Like my impulse buys at the mall, these little dainties add up, and work to cancel out exercise. Can we eat more if we exercise? To this extent: we can eat a little more and not gain weight. But we can't eat whatever.

In my case, I tried cutting out just one thing, the York Mint Pattie I snacked on every day after lunch. Actually, mint patties are low-fat candy bars, 140 calories instead of the usually 240 for regular bars.

But one crummy mint pattie? In a year, I'd lost three pounds. Seriously, I did nothing else differently.

Oh, and by the way, if you take a careful look at the Time article, you might notice something else. The author's self-described exercise regime apparently consisted exclusively of steady-state cardio done at moderate intensity. What does it take to lose the gut? See Note Two above.

 

Those are my five biggies. Now here are my five smallies.

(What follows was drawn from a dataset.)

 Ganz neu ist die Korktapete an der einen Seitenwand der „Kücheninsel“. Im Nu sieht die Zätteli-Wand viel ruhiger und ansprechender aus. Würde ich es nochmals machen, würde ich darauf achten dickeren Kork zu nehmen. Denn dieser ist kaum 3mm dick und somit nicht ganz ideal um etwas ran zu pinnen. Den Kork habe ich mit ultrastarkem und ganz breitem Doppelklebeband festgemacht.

1. Not putting exercise at the top of my list of things to do.

I struggle to remember this. Sure, we can skip for a sick kid or important meeting occasionally. But we must put exercise first in our lives, or we'll never establish a routine that we can live with through thick and thin.

2. Pushing through the pain to look, um, like Brett Favre?

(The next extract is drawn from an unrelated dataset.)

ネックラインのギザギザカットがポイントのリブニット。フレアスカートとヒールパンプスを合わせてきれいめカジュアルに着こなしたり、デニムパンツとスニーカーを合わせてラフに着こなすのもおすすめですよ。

Delayed Onset Muscle Soreness is what fitness trainers call the pain and stiffness we feel a day or two after exercise. That's okay, if mildly annoying. It shows we did, indeed, surprise our bodies and called on them to adapt. But a sharp pain while exercising, or dull pain that gets worse with exercise, needs to be tended to. Overuse injuries more often than not launch the death spiral to an exercise program: it hurts, so I don't exercise, and then it hurts more, so I really don't want to exercise, then, pretty soon, hello, couch-dude! So far I've been sorta lucky on this one, but as everyone knows, I can hardly be accused of overtraining.

3. Throwing yourself into a new routine, and limping around in pain for a week after.

Unless you're so desperate to be on TV that you are willing to suffer the Jillian Michaels drill-sergeant style of gym-based brutality, take it easy at first. Otherwise sure as the statistics bear out, you'll be back on the couch within a couple months. I also keep forgetting that the body responds best to progressive training. And I regret it.

4. Never taking a rest.

Some gym rats are like Americans and pro football games: if a little is good, more is better. The body does not grow in strength or aerobic fitness while we are exercising. It grows while we are resting. We need to take a day off a week, we need to rest between sets of intense exertion, and we need to avoid weight training more than every other day.

5. Medicating with pills first, and exercise last.

Many of us who feel nagging pain or other vague symptoms make an appointment with the doctor. That's okay. Yet often these conditions are hard to diagnose and chronic, and most of the time the doctor does what you expect her to: she prescribes a pill. But that might be our last resort. Try exercise first. Give it a chance for a month or two. If that doesn't work, you might need the pill. But I'll bet you won't.